HOUSTON – Delfin Midstream Inc. and Devon Energy Corp. say they have entered into a liquefied natural gas (LNG) export partnership that includes an executed Heads of Agreement (HOA) for long-term liquefaction capacity and a pre-FID strategic investment by Devon in Delfin.
The HOA provides the framework for finalizing a definitive long-term tolling agreement representing 1.0 million tons per annum (MTPA) of liquefaction capacity in Delfin’s first floating LNG vessel, with the ability to add an additional 1.0 MTPA in Delfin’s first or a future FLNG vessel.
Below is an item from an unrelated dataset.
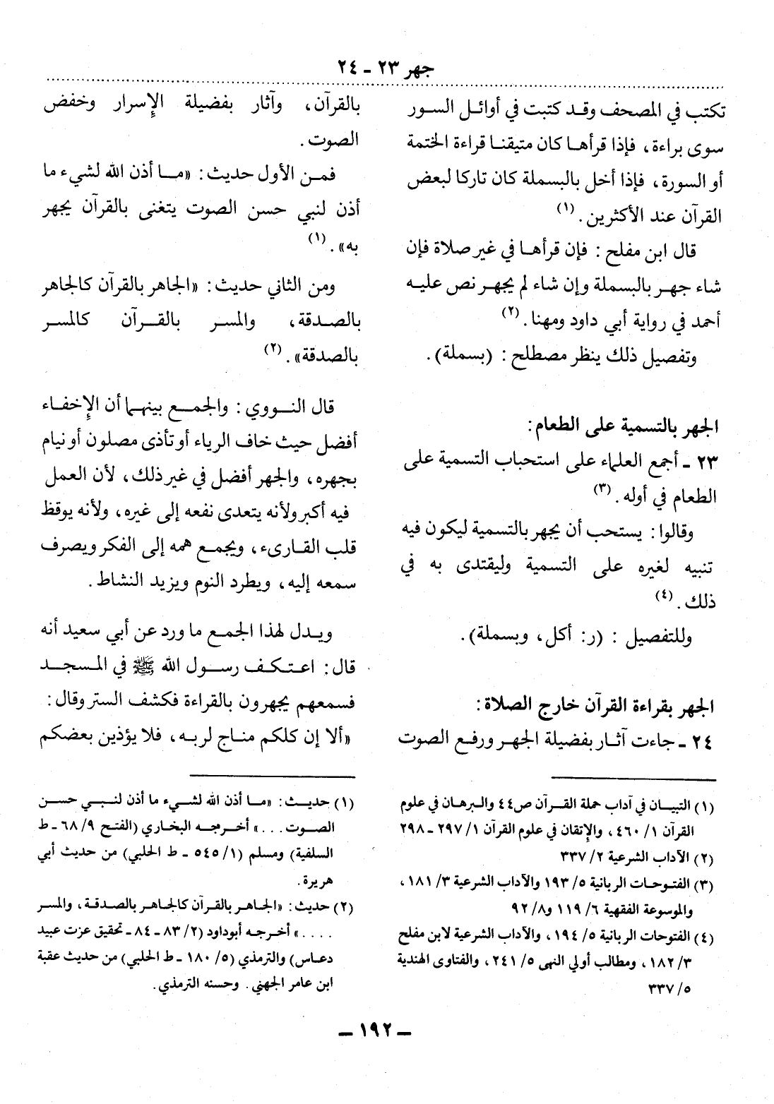 (3) الفتوحات الربانية 5 / 193، والآداب الشرعية 3 / 181، والموسوعة الفقهية 6 / 119 و 8 / 92.

In addition to providing Devon up to 2.0 MTPA of total liquefaction capacity on a long-term basis, the HOA also provides opportunity for additional future equity investments in Delfin by Devon.
Following its recent announcement of a binding SPA with Vitol and a HOA with Centrica, this announcement represents Delfin’s third major agreement in the past two months. Delfin is also in numerous advanced discussions on additional binding SPAs, HOAs and tolling agreements similar to those previously announced.
Delfin LNG is a brownfield deepwater port that is designed to support up to four FLNG vessels producing up to 13 mtpa of LNG. To advance the project, Delfin has purchased the UTOS pipeline, which it says is the largest natural gas pipeline in the Gulf of Mexico.
As a modular project requiring only 2.0 to 2.5 MTPA of long-term contracts to begin construction, and with all necessary permits in hand, Delfin says that it is on schedule to make FID on its first floating LNG vessel by the end of this year, with operations expected to commence in 2026.